Make an exact copy of the entries, and keep any pictures out of it.

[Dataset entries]
--- START ---

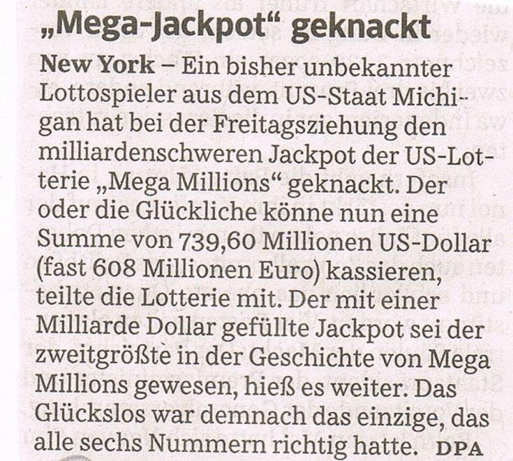 Und was ist gar mit einem bisher unbekannten Lottospieler aus dem Staat Michigan, der in der Freitagsziehung am 22. Januar 2021 den Jackpot der Mega Millions gewonnen hat und 739 Millionen US-Dollar erntete (das sind 608 Millionen €uro). Sein (oder ihr?) Glückslos war das einzige mit allen sechs richtigen Nummern.
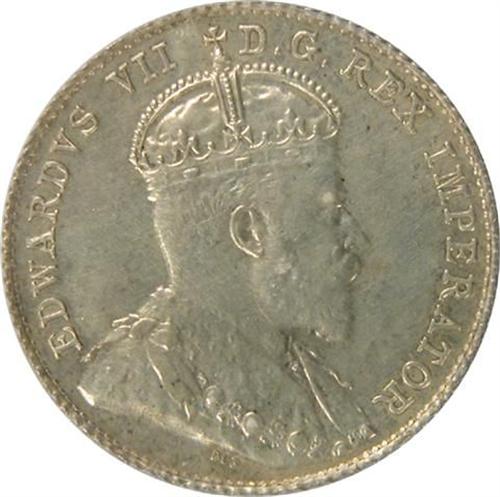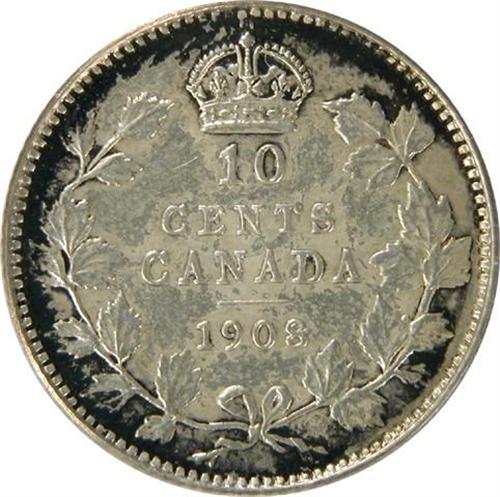 Canada Ten Cents 1908 ICCS SP-64. Near flawless surfaces with pale golden toning with dark rim toning on the reverse. It is tied as the sixth highest by ICCS
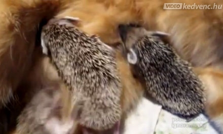 A cicamamát nem érdekli, hogy örökbefogadott picinyei tüskések vannak. Árvák, így minden probléma nélkül gondozásba veszi őket.
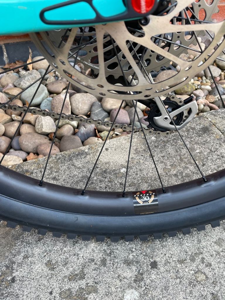 Santa Cruz Reserve 30 Carbon DT Swiss 350 wheels with 2.5"/2.4" wide Maxxis Minion tyres
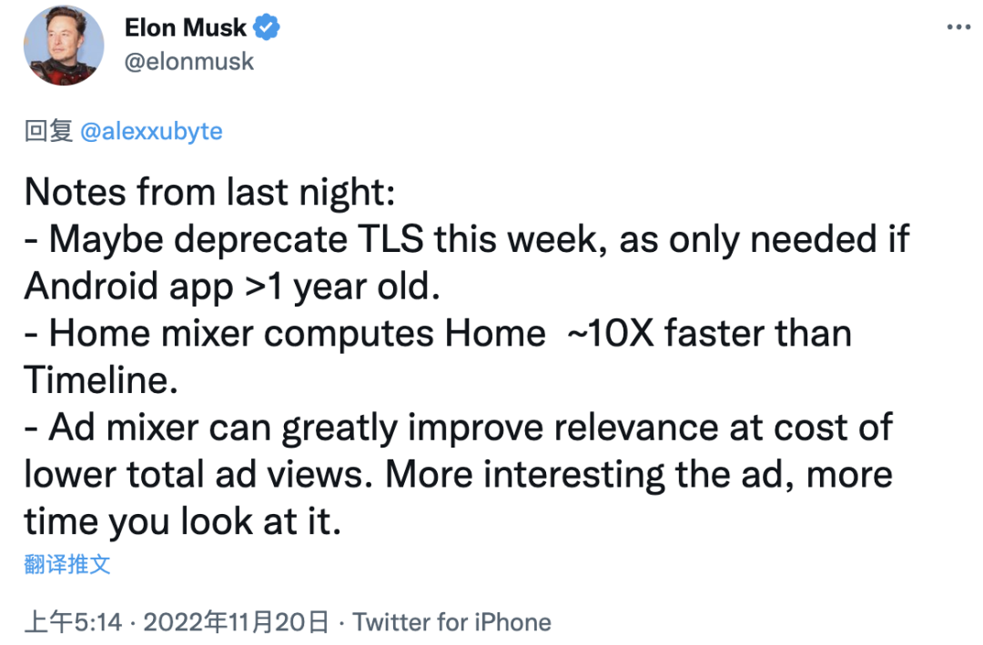 在 2012 年架构图中,我们也惊奇的发现,彼时的马斯克作为热点人物,频登 Twitter 推荐专区。而最初的「初闻不知曲中意」,已然成为如今的「再听已是曲中人」。对此,马斯克也在这条推文下方留言分享了自己在会议上所做的笔记:

--- END ---

TASK RESULT.
 Und was ist gar mit einem bisher unbekannten Lottospieler aus dem Staat Michigan, der in der Freitagsziehung am 22. Januar 2021 den Jackpot der Mega Millions gewonnen hat und 739 Millionen US-Dollar erntete (das sind 608 Millionen €uro). Sein (oder ihr?) Glückslos war das einzige mit allen sechs richtigen Nummern.
 Canada Ten Cents 1908 ICCS SP-64. Near flawless surfaces with pale golden toning with dark rim toning on the reverse. It is tied as the sixth highest by ICCS
 A cicamamát nem érdekli, hogy örökbefogadott picinyei tüskések vannak. Árvák, így minden probléma nélkül gondozásba veszi őket.
 Santa Cruz Reserve 30 Carbon DT Swiss 350 wheels with 2.5"/2.4" wide Maxxis Minion tyres
 在 2012 年架构图中,我们也惊奇的发现,彼时的马斯克作为热点人物,频登 Twitter 推荐专区。而最初的「初闻不知曲中意」,已然成为如今的「再听已是曲中人」。对此,马斯克也在这条推文下方留言分享了自己在会议上所做的笔记:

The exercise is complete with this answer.